Some representatives from the San Dieguito Alliance for Drug Free Youth expressed concerns about the commercialization of marijuana’s impact on youth and the necessity of expanding the supply chain when so much marijuana is already being produced. According to Scott Chipman, California already produces six to 12 times the amount of marijuana that the state consumes: “We are the drug cartel for the United States”.
“San Diego is our home and marijuana continues to destroy our neighborhood and quality of life,” said a 14-year-old City Heights resident. “Please protect us from this lawless, profit-driven industry.”
District 9 Councilmember Georgette Gomez said she appreciated the concerns expressed by several of her district members but reminded them that facilities will be limited to industrial zones that must be 1,000 feet from “sensitive receptors,” such as parks and schools, and 100 feet away from residential areas.
Councilmember Chris Ward stressed that what they are looking to do is strike a balance between adults’ rights to access marijuana safely without placing harm on San Diego’s neighborhoods, children and public safety officers.

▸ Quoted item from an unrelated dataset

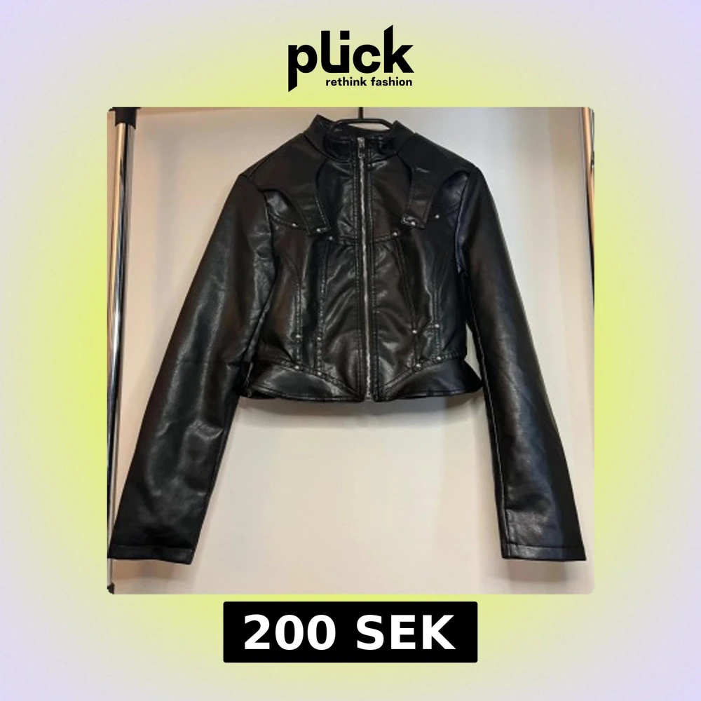 Snygg svart croppad skinnjacka med coola sömdetaljer och silvriga nitar. Jackan har hög krage, långa ärmar och dragkedja framtill. Perfekt för dig som vill ha en edgy look med lite biker-vibe.

He likened the discussions to the city’s process of building the regulations and framework for its $900 million craft beer industry — there were similar issues with land-use constraints and manufacturing, and distribution being concentrated in certain districts. He said they wouldn’t tell Stone Brewery to manufacture everything in Riverside County or tell Ballast Point to only grow hops in Humboldt County. Ward said if done properly, the same can be done with cannabis.
“Having sound policy and regulations in place will allow the city to enforce its rules and assist the cannabis industry in regulating itself,” Ward said.
Public comment and memos distributed by Councilmembers Cate and David Alvarez demonstrated that there are a number of concerns that the council still needs to tackle regarding quality of life (including the odor from facilities), advertising and delivery services. Those issues will be referred to the council’s public safety committee.
“It’s an evolving process,” Bry said. “This is only the beginning and I look forward to broad participation from the community as we look forward to regulating this industry.”